When optimizing the volume of a cylinder with a fixed surface area, our goal is to find the dimensions that give us the maximum volume. A closed cylinder has two components contributing to volume:

• The base, defined by its radius \( r \)
• The height \( h \)

The volume \( V \) of a cylinder is given by the formula:\[V = \pi r^2 h\]This equation shows that increasing either the base area \( \pi r^2 \) or the height \( h \) increases the overall volume of the cylinder. However, with a surface area constraint, we must balance the relationship between \( r \) and \( h \) to maximize \( V \). This delicate balance involves adjusting one dimension without compromising the surface area, leading to an optimal size configuration for maximum volume.

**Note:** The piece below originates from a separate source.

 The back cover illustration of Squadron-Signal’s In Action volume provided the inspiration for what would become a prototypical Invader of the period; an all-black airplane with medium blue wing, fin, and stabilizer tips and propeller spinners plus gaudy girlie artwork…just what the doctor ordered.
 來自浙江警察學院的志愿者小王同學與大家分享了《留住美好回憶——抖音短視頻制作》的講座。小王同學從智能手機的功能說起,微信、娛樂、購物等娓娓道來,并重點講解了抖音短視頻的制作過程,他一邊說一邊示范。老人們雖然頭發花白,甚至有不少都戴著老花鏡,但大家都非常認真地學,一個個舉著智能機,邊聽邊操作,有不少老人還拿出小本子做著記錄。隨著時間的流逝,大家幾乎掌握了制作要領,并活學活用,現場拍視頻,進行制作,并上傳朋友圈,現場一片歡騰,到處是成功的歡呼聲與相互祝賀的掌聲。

A surface area constraint is a boundary condition which restricts how the dimensions of the cylinder can be changed while optimizing its volume. For a closed cylinder, the surface area \( S \) is defined by:\[S = 2\pi r^2 + 2\pi rh\]This formula represents:

• The area of the top and bottom circles: \( 2\pi r^2 \)
• The area of the side of the cylinder: \( 2\pi rh \)

Since the total surface area \( S \) is fixed, changes to either the radius \( r \) or height \( h \) must maintain the equation's balance. Therefore, maximizing volume with fixed surface area means reconfiguring \( r \) and \( h \) such that the equation still holds true. Solving for one dimension as a function of the other typically helps in eliminating variables and simplifying the optimization process.

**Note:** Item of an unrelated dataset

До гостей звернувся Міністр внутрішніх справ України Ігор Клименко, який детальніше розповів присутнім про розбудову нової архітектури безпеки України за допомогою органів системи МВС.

Using calculus, we apply the derivative test to identify points where the volume function reaches a maximum or minimum. We begin by expressing the volume \( V \) in terms of a single variable, often the radius \( r \), after substituting the expression for \( h \) from the surface area constraint. This creates a function of one variable:\[V = \frac{Sr - 2\pi r^3}{2}\]To find these extrema, we compute the derivative \( \frac{dV}{dr} \):\[\frac{dV}{dr} = \frac{S}{2} - 3\pi r^2\]Setting the derivative to zero helps us locate critical points where the function may reach a maximum or minimum. Solving\[\frac{S}{2} - 3\pi r^2 = 0\]gives us critical points that are candidates for the volume's maximal configuration.

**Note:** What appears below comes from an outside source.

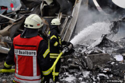 Um 16:00 Uhr konnten die letzten Einsatzkräfte die Einsatzstelle verlassen. Vorher mussten immer wieder aufflammende Brandnester abgelöscht werden.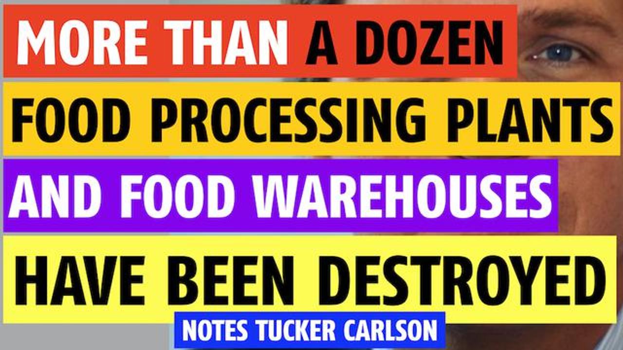 More than one dozen food plants & warehouses have been destroyed recently notes Tucker Carlson

Critical points are the values of the variable, in this case, the radius \( r \), where the derivative becomes zero or does not exist. These points indicate potential maxima or minima of the volume. After finding the critical point:\[r = \sqrt{\frac{S}{6\pi}}\]we then substitute back to find the corresponding height \( h \). This involves utilizing the earlier expression for \( h \):\[h = \frac{S - 2\pi \left(\sqrt{\frac{S}{6\pi}}\right)^2}{2\pi \sqrt{\frac{S}{6\pi}}}\]Solving gives:\[h = 2r\]This result leads to the essential insight of the problem: the height of the cylinder is twice the radius, meaning when both height and diameter are equal, the cylinder's volume is optimized within the surface area constraints.